A lawyer for internet mogul Kim Dotcom has denied a suggestion that spiralling court proceedings are to delay the ultimate hearing to extradite Mr Dotcom to face copyright piracy charges in the United States.
In a vigorous exchange in the Court of Appeal today the court's president Justice Mark O'Regan repeatedly fired questions about delay at Mr Dotcom's lawyer, William Akel.
Mr Akel said there was no advantage to Mr Dotcom - most of whose assets are seized world wide - in delaying the proceedings.
The Dotcom proceedings began after the police raid on his mansion more than a year ago in which large amounts of property and stored information were seized.
A judge has said that parts of the search and seizure were illegal. The Crown still wants to appeal against that basic finding.
But in the meantime it has emerged the spy agency the Government Communications Security Bureau had been illegally intercepting the communications of Mr Dotcom and one of his business associates.
The Dotcom lawyers have, on top of the claim challenging the way the evidence was gathered, now also filed damages claims against police and the GCSB.
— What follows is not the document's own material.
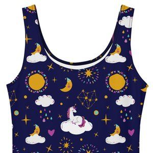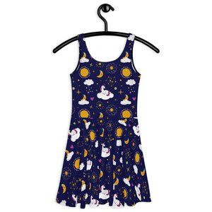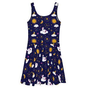 Unicorn moon clouds pinup dress. Flattering fit and flare silhouette. The elastic fabric is soft to the touch. 82% Polyester and 18% spandex.

Those claims have become tangled though with the Crown today appealing against the ruling that the GCSB damages claim can proceed alongside the damages claim against the police. It emerged in court today though that no ruling has been made on whether the damages claim against the police can proceed.
If the GCSB can be sued for damages it would raise issues of how much the bureau would have to reveal about its activities and the information it gathered.
The High Court has ordered an independent Queens Counsel with top-level security clearance can view the raw material and argue the case for its disclosure on behalf Mr Dotcom.
Mr Akel said the information was sought because "we don't know what we don't know" and the information may be relevant to the claim.
It has been repeatedly said at the hearing that the type of damages claimed have been limited to minimal or at most modest awards in past cases. But Mr Akel said in the circumstances of the Dotcom case more than minimal damages might be available and might also have a bearing on the extradition proceedings.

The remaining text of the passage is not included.